Look at the sharp rise in percentage of meditators
My inbox has been filling with requests from organizations all seeking the same thing -- to help their employees deal with the stress and anxiety.
This is what my clients are saying, very consistently:
"Our staff have been working so hard, they're stressed out and full of anxiety. They are burning out. We'd like to help our staff learn about mindfulness to help them cope."
The main observation I've had since 2020 is that the audiences I'm speaking to are not only aware of mindfulness, but many are practitioners.
The questions I get during talks are much more insightful these days, because only by practicing mindfulness do you start to understand it and can go deeper by having a dialogue about it.
Here is my data, as I always ask "Who already practices mindfulness meditation?" My estimate is that the chart below represents about 4,000+ people from 2013 to 2023.
What insightful employers are doing about mindfulness
In addition to employers arranging a one-time talk, there is some increase in the number of employers interested in having some type of ongoing mindfulness practice for staff. They know that mindfulness is a practice, not just an intellectual exercise or a interesting one-time presentation to listen to.
People need to practice, 'do the work' and incorporate mindfulness into their every day life in order to reap the benefits that are well-researched and appear in so many articles today.
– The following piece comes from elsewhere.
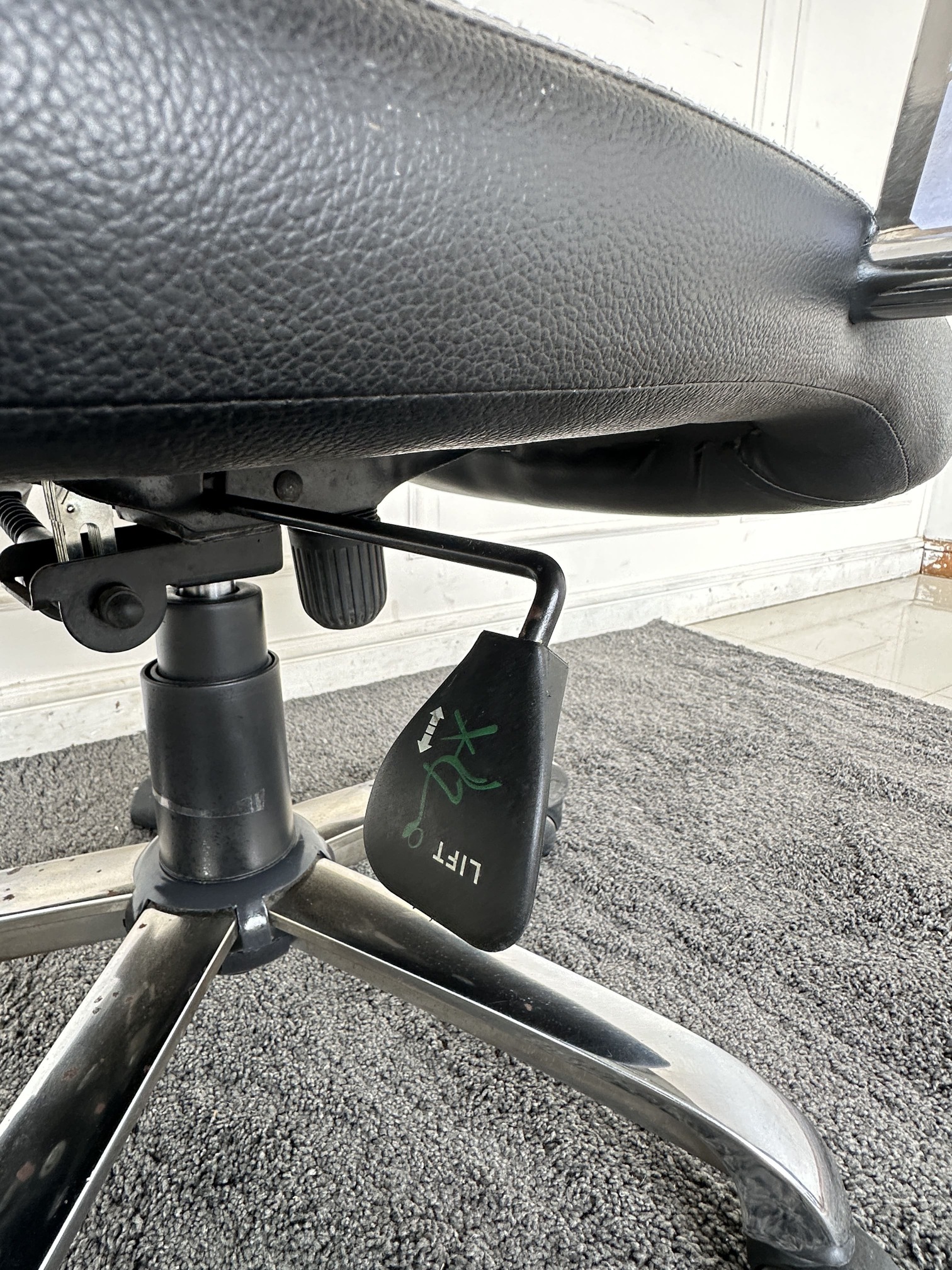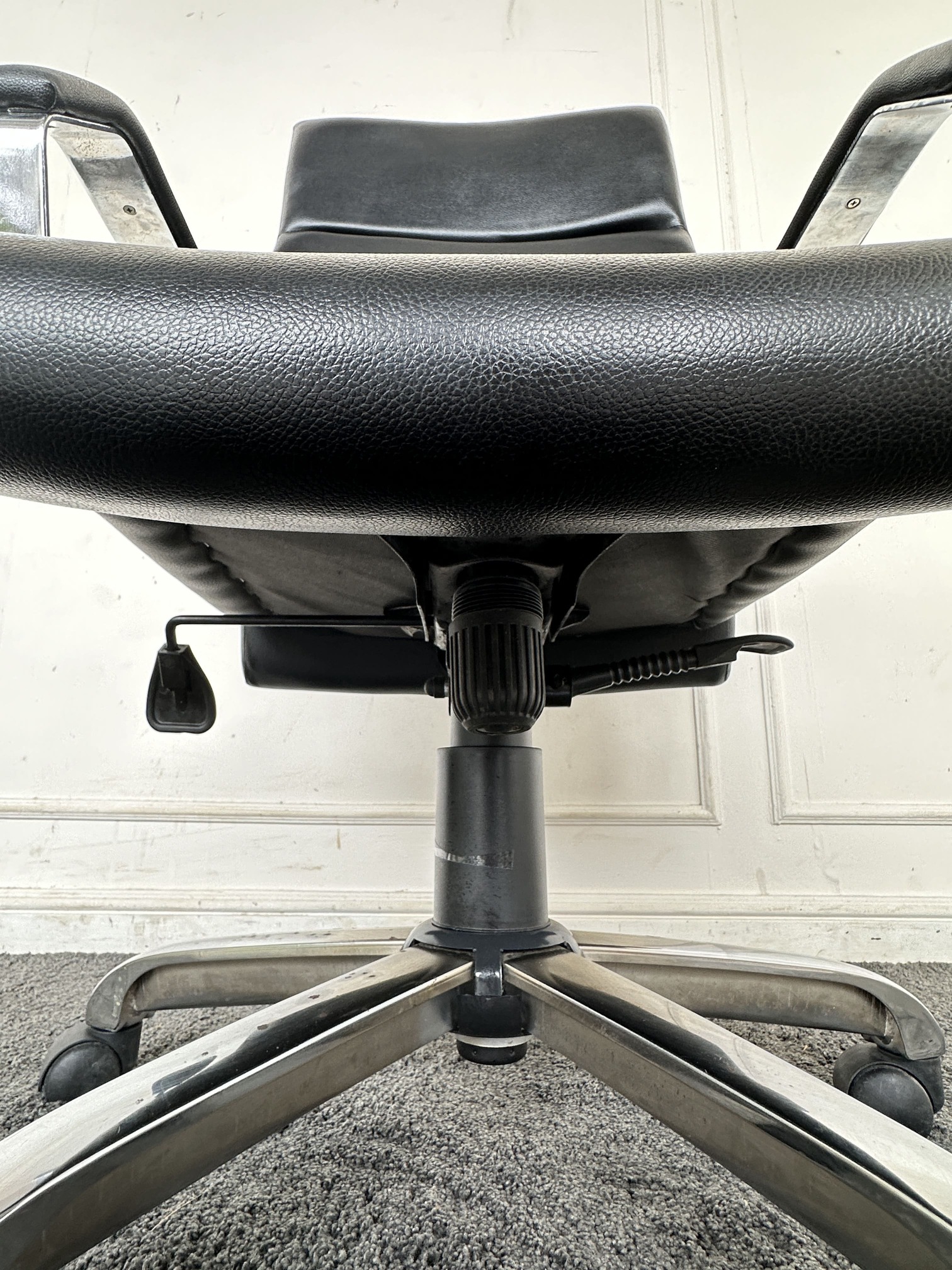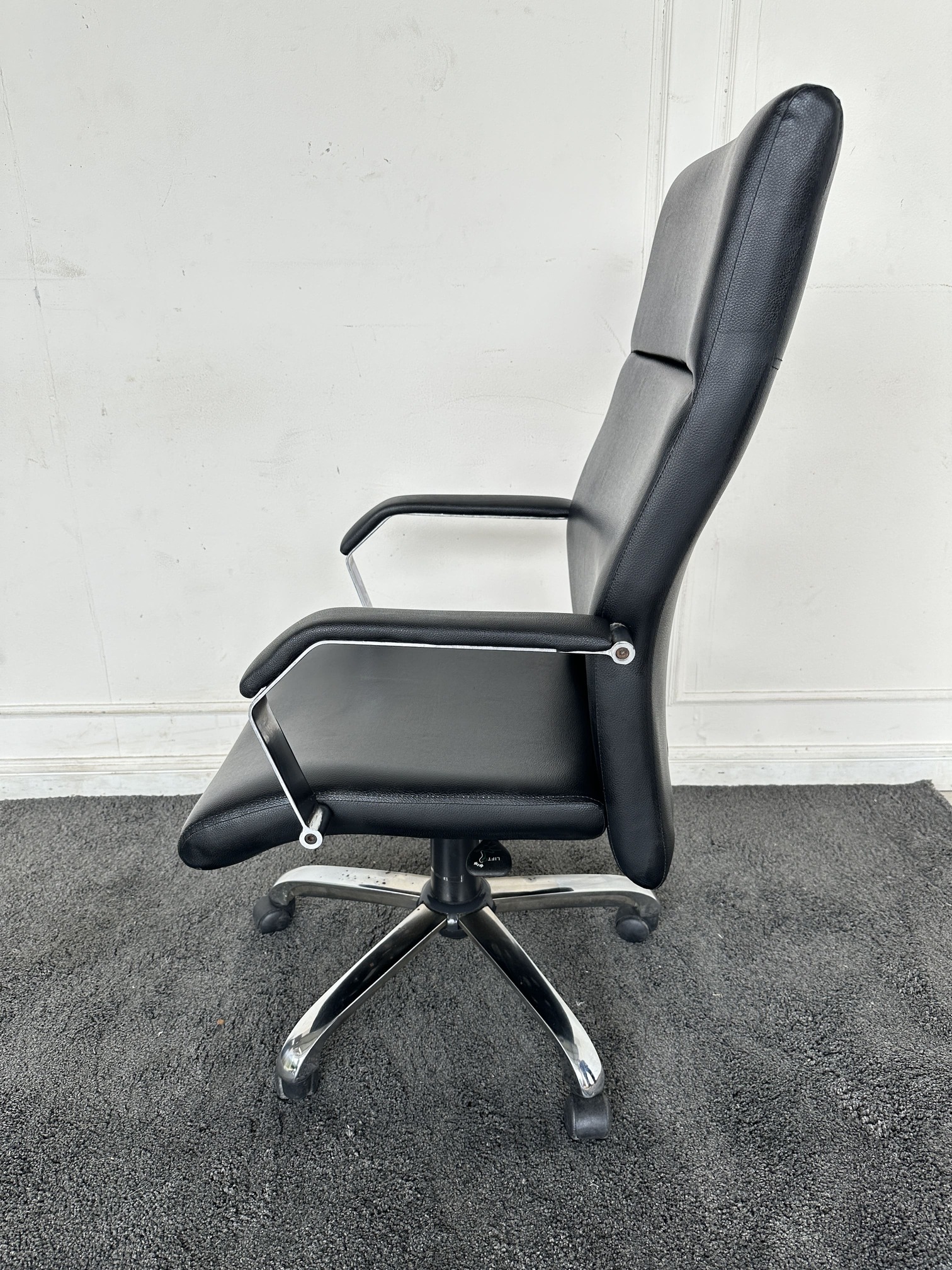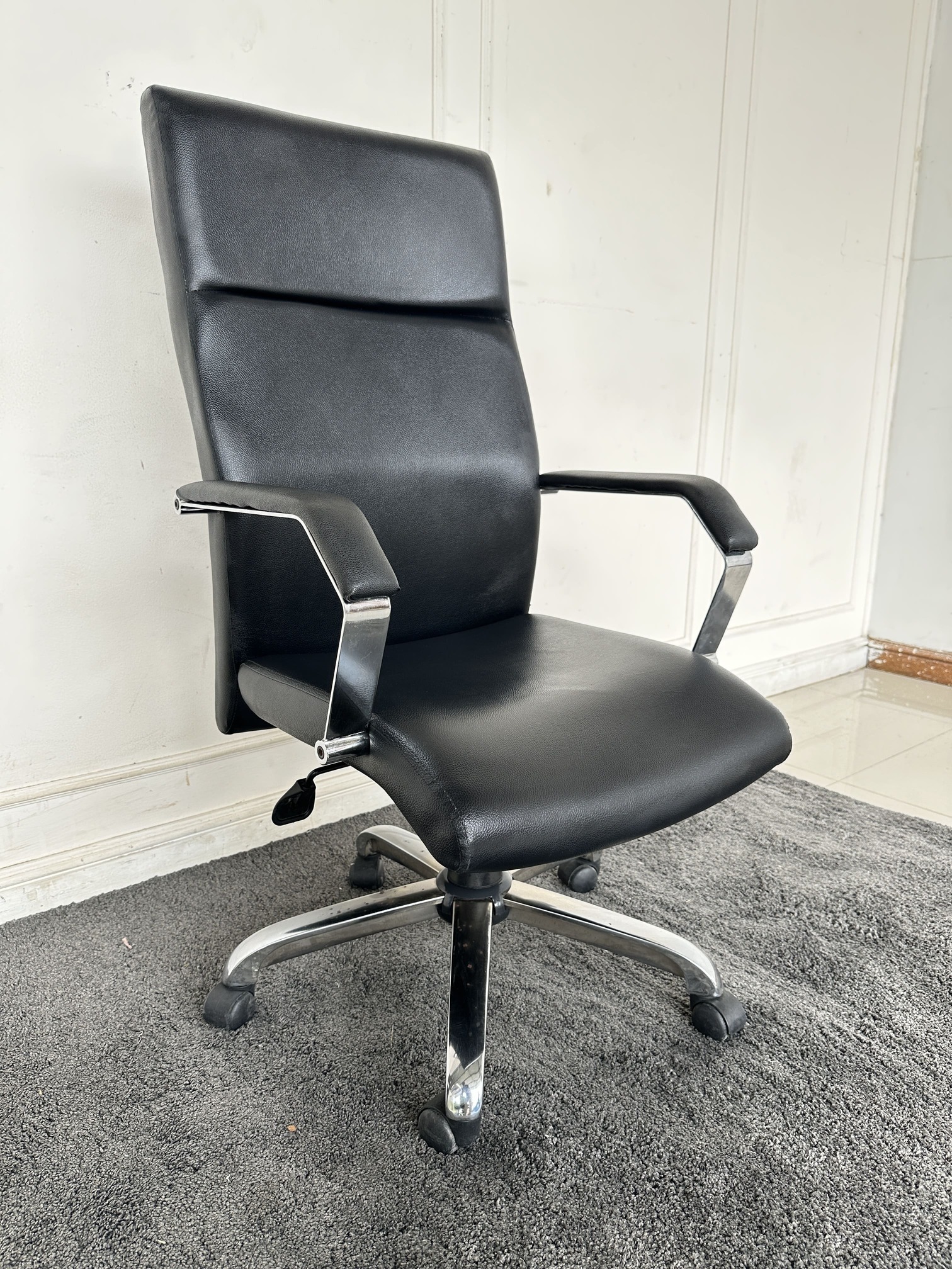 เก้าอี้สำนักงานหลังสูง เบาะหุ้มหนัง PU สีดำ มีโช็คปรับหนืด ล็อคพิงหลังได้ ขาเหล็ก ล้อเลื่อน

What might be interesting is to know that many 'ongoing mindfulness programs' where employees gather to practice regularly together, are borne and operated in a grassroots fashion (not as a top-down, strategic initiative - there so much to say here but in short, when staff are leading a session there generally is trust and community built rather than it being a human resources initiative).
Often, eager employees obtain funding from their employer to get trained and certified to learn the practical and best practices approach to starting a program at work and how to become a skilled mindfulness facilitator. Employers can support eager employees by funding their training.